Ollama CLI Cheatsheet: ls, serve, run, ps + commands (2026 update)
Updated Ollama command list - ls, ps, run, serve, etc
This Ollama CLI cheatsheet focuses on the commands you use every day (ollama ls, ollama serve, ollama run, ollama ps, model management, and common workflows), with examples you can copy/paste.
It also includes a short “performance knobs” section to help you discover (and then deep-dive) OLLAMA_NUM_PARALLEL and related settings.

This Ollama cheatsheet is focusing on CLI commands, model management, and customization, But we have here also some curl calls too.
For a full picture of where Ollama fits among local, self-hosted and cloud options—including vLLM, Docker Model Runner, LocalAI and cloud providers—see LLM Hosting: Local, Self-Hosted & Cloud Infrastructure Compared. If you’re comparing different local LLM hosting solutions, check out our comprehensive comparison of Ollama, vLLM, LocalAI, Jan, LM Studio and more.
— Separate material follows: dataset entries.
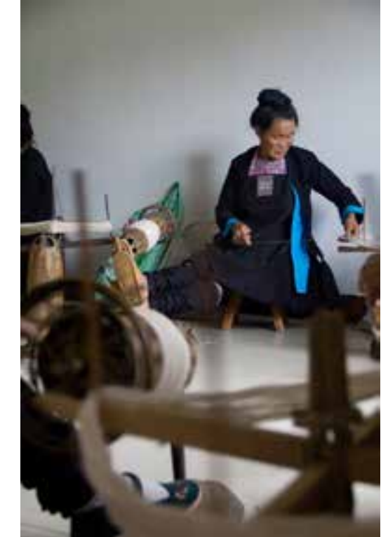
Woman Spinning Cotton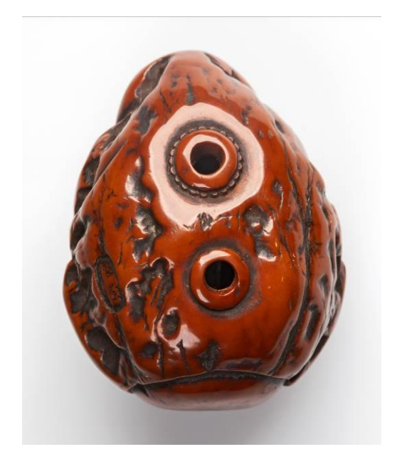
33/ Object 32.284, from the back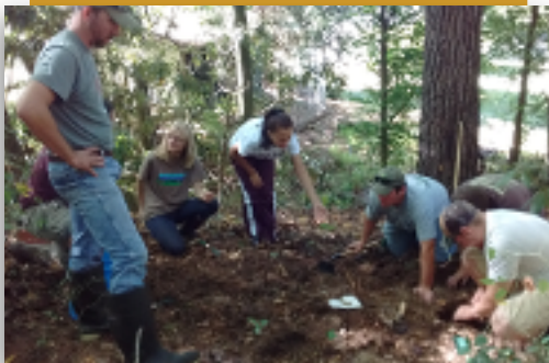
Drop Collaborative students plant a test plot of ginseng rootlets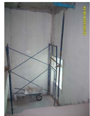
Pict 128 : Primary paint around stair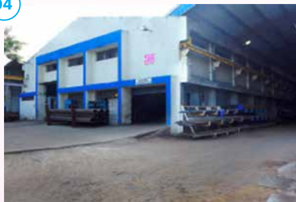
Location: D-5/2, MIDC, HINGNA, NAGPUR – 440016 (M.S.) INDIA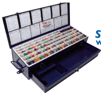
21 1/8" x 8 1/2" x 4 1/2" F x 5 3/4" B Internal Drawer Storage 12 1/2" x 7" x 2 5/16"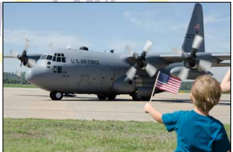
Members from the 180th Airlift Squadron returned from deployment in support of Operation Enduring Freedom.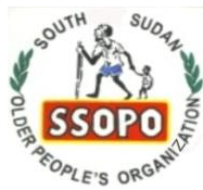
South Sudan Older People's Organization (SSOPO)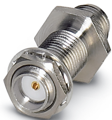
Antenna adapter for control cabinet feed-through, frequency range: 0.3 GHz ... 6 GHz, connection: 2 x SMA (female)

Please be informed that the data shown in this PDF Document is generated from our Online Catalog. Please find the complete data in the user's documentation. Our General Terms of Use for Downloads are valid ( http://phoenixcontact.com/download )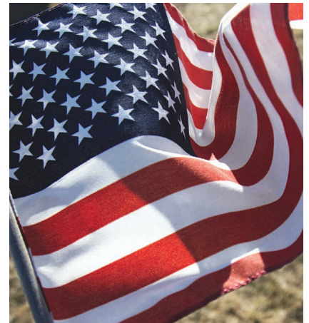
Happy 4th of July!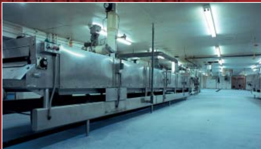
Epoxy polymer floor

Atlas' thin and high-build coatings are based on a variety of high-performance resin systems. These coatings are appropriate for secondary containment, flooring and structural steel applications.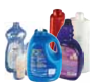
Plastic bottles (all colors)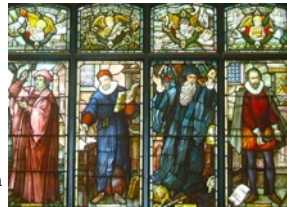
Stained glass at the White Church

The beautiful stained glass windows each tell a story - the Calvary window portrays the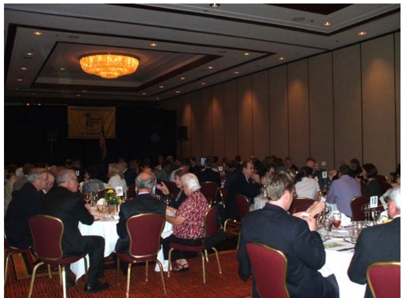
Attendees get ready to dine on a most wonderful meal!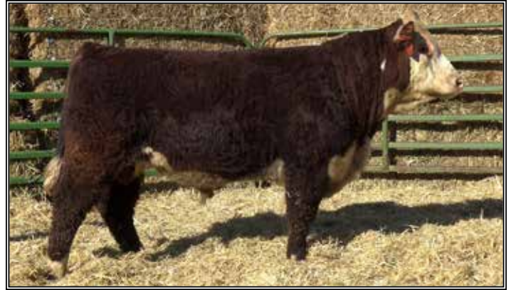
RB ON TIME 11L

• Dark made bull with some class. Stout, square hipped with a PAP of 41.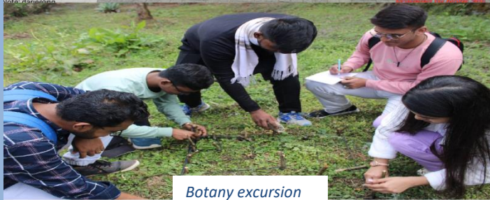
Botany excursion at Karseong

Latitude: 27.044846 Longitude: 88.267679 Elevation: 2148.96±3 m Accuracy: 46.6 m Time: 03-06-2023 09:04 Note: danielip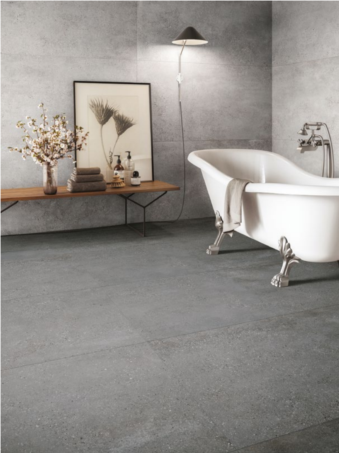
Mold Iron 30 x 60 (special order size)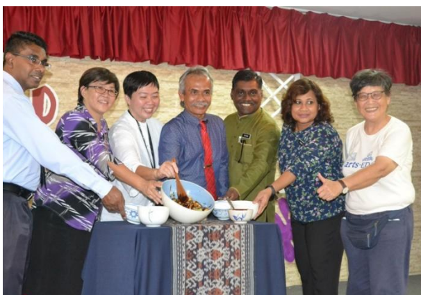
Sekolah Budaya Warisan launched with the ceremony of rojak-making. Each ingredient represented a party involved.

For those seeking alternatives to command-line interfaces, Docker Model Runner offers a different approach to LLM deployment.
Ollama installation (download and CLI install)
- Option 1: Download from Website
- Visit ollama.com and download the installer for your operating system (Mac, Linux, or Windows).
- Option 2: Install via Command Line
- For Mac and Linux users, use the command:
curl -fsSL https://ollama.com/install.sh | sh
- Follow the on-screen instructions and enter your password if prompted.
Ollama system requirements (RAM, storage, CPU)
- Operating System: Mac, Linux, or Windows
- Memory (RAM): 8GB minimum, 16GB or more recommended
- Storage: At least ~10GB free space (model files could be really big, see here more Move Ollama Models to Different Drive )
- Processor: A relatively modern CPU (from the last 5 years). If you’re curious about how Ollama utilizes different CPU architectures, see our analysis of how Ollama uses Intel CPU Performance and Efficient Cores.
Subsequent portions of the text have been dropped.